The ubiquity of the technology company Apple today belies the fact that even a mere 18 years ago, the company was virtually nowhere to be seen on the cultural and economic radar. By now, though, Apple has become firmly established as the largest company ever, notably trumping its rival Microsoft by a large margin. This sample computer science essay explores how Apple overtook Microsoft in this way.
- A short history that outlines Apple’s development during the twenty-first century
- The three reasons for Apple’s meteoric success
- The visionary farsightedness of the company’s founder Steve Jobs
- Vertical integration of the company’s product supply chain
- The company’s ability to optimize its value proposition and maintain an incredible level of brand loyalty.
Short history of Apple and Microsoft
Regarding the situation of Apple in the year 1997, Stone has bluntly written the following:
“It’s difficult to remember how far Apple had fallen. Just a few months away from bankruptcy, the company had a dwindling 4 percent share of the PC market and annual losses exceeding $1 billion. Three CEOs had come and gone in a decade; board members had tried to sell the company but found no takers” (paragraph 4).
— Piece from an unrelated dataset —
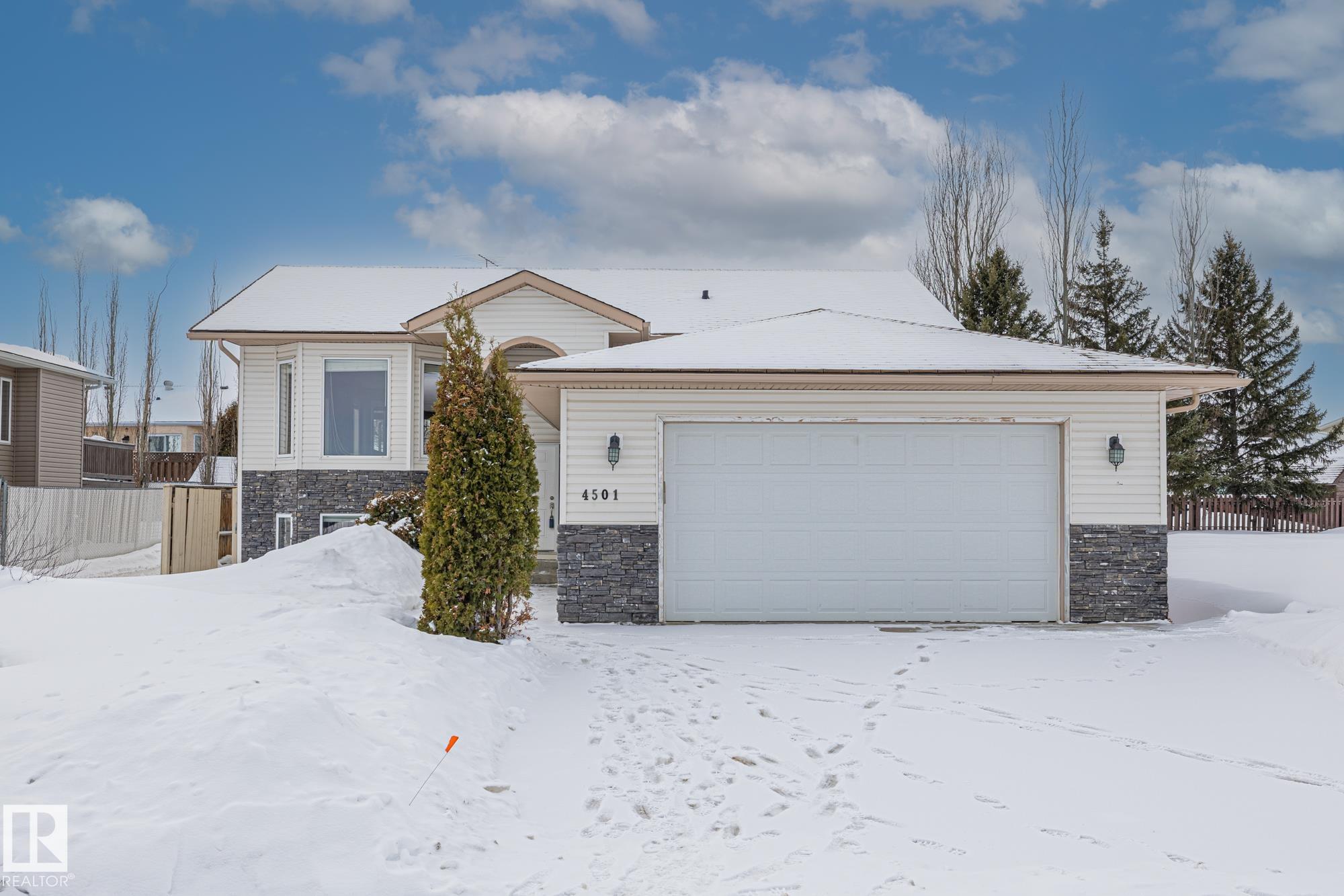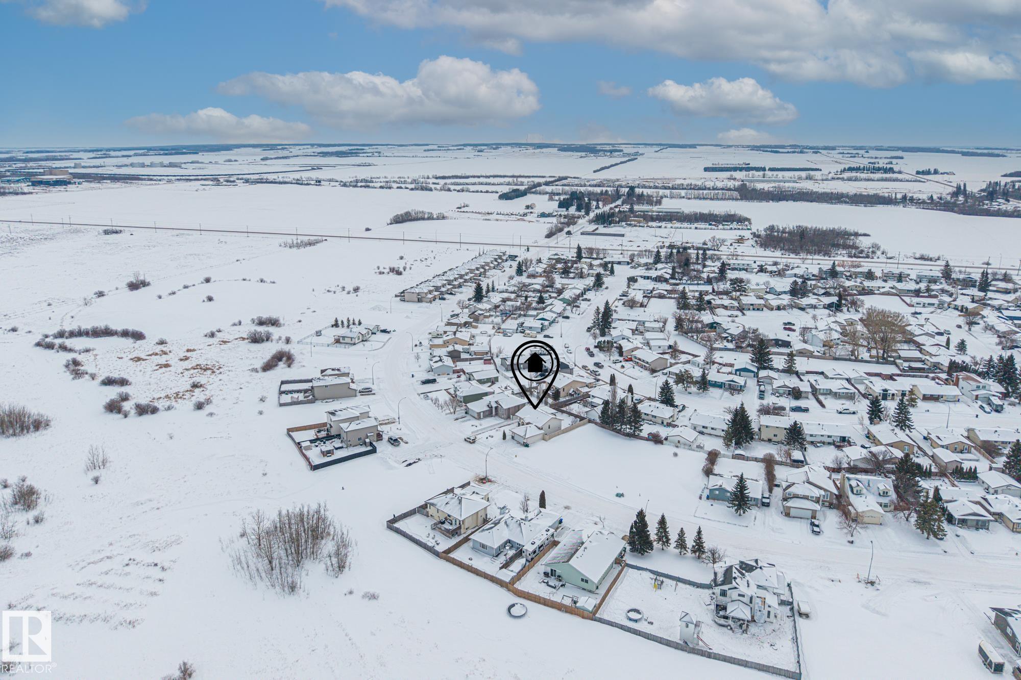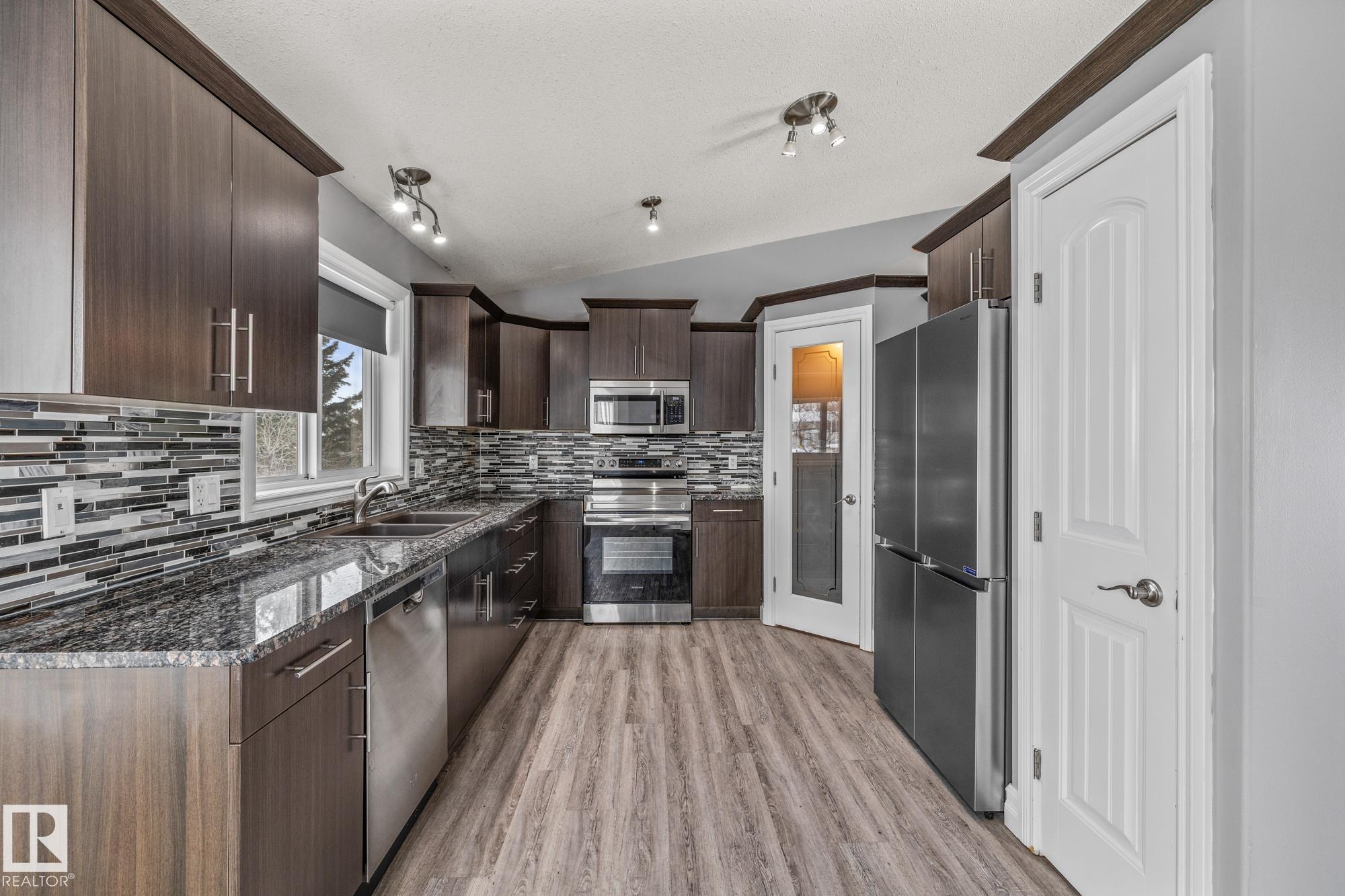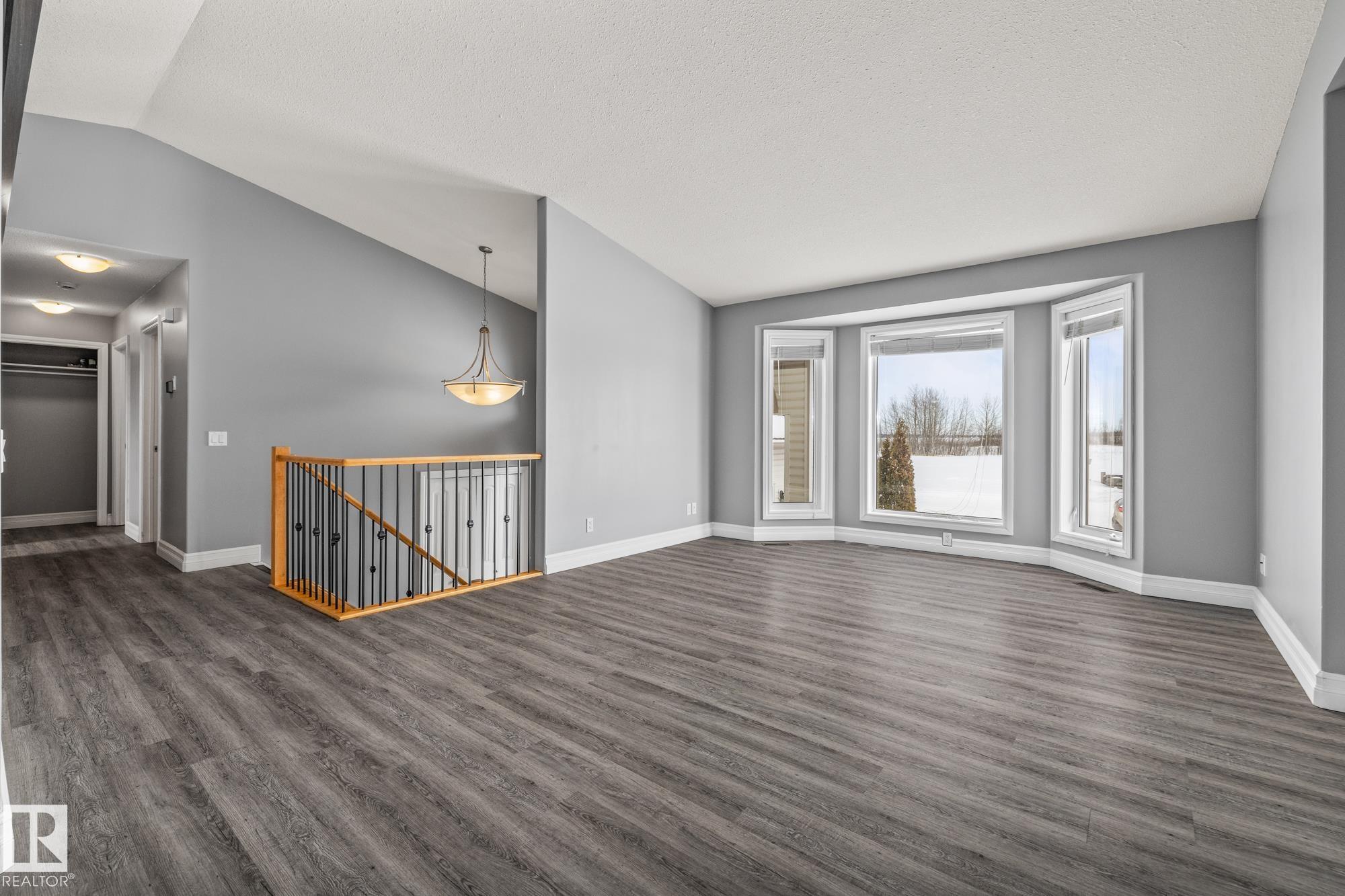 Spacious 4 Bed / 3 Bath Bi-Level offering 2,365 sq.ft. of finished living space and fresh paint throughout! This bright, open home features vaulted ceilings, hardwood and high-end laminate flooring, plus two large bay windows that fill the space with natural light. The functional open-concept main floor connects the living and dining areas to a well-sized kitchen complete with granite counters, oak cabinetry and two pantries. Garden doors lead to a re-modeled covered deck with under-deck storage, perfect for enjoying the 6,226 sq.ft. lot. The main level includes two generous bedrooms with walk-in closets, including a primary suite with 3-pc ensuite, plus a 4-pc guest bath. The fully finished lower level offers a large rec room with marble-surround gas fireplace, two additional bedrooms and another 3-pc bath. Oversized 24?x23? double garage with convenient access from both levels. No west neighbour (vacant lot), walkway to the east, and easy walk to Bruderheim School ? just 20 minutes to Fort Saskatchewan!

Ironically, it was at this point that Apple was in fact rescued by none other than Microsoft: Bill Gates agreed to invest $150 million into the company, in exchange for Steve Jobs agreeing to support Microsoft software on Apple computers for at least 5 years. From Microsoft’s side, this likely seemed like a wise move due to the fact that the company at the time had a damaged reputation related to antitrust issues. (That is, Microsoft was so dominant during this time that it had to contest with charges that it was behaving like a monopoly.) In this context, helping Apple would have helped restore the reputation of Microsoft while costing Microsoft itself very little in terms of immediate financial expenditure.
Additional Reading: Analysis of Apple’s Business
Microsoft, however, had unwittingly given Apple the resources the latter needed to inaugurate its revolution of the entire technology sector. With the money provided by Microsoft, Steve Jobs was able to take the necessary steps to get Apple back on track. This included the invention of the iPod and the evolution of all the product lines for which the company is known today, including the Macbook and the iPhone. How much has changed over the course of the past 18 years. As Stewart has written:
“This week, both Microsoft and Apple unveiled their latest earnings, and the once-unthinkable became reality: “Apple’s market capitalization hit $683 billion, more than double Microsoft’s current value of $338 billion” (paragraph 2).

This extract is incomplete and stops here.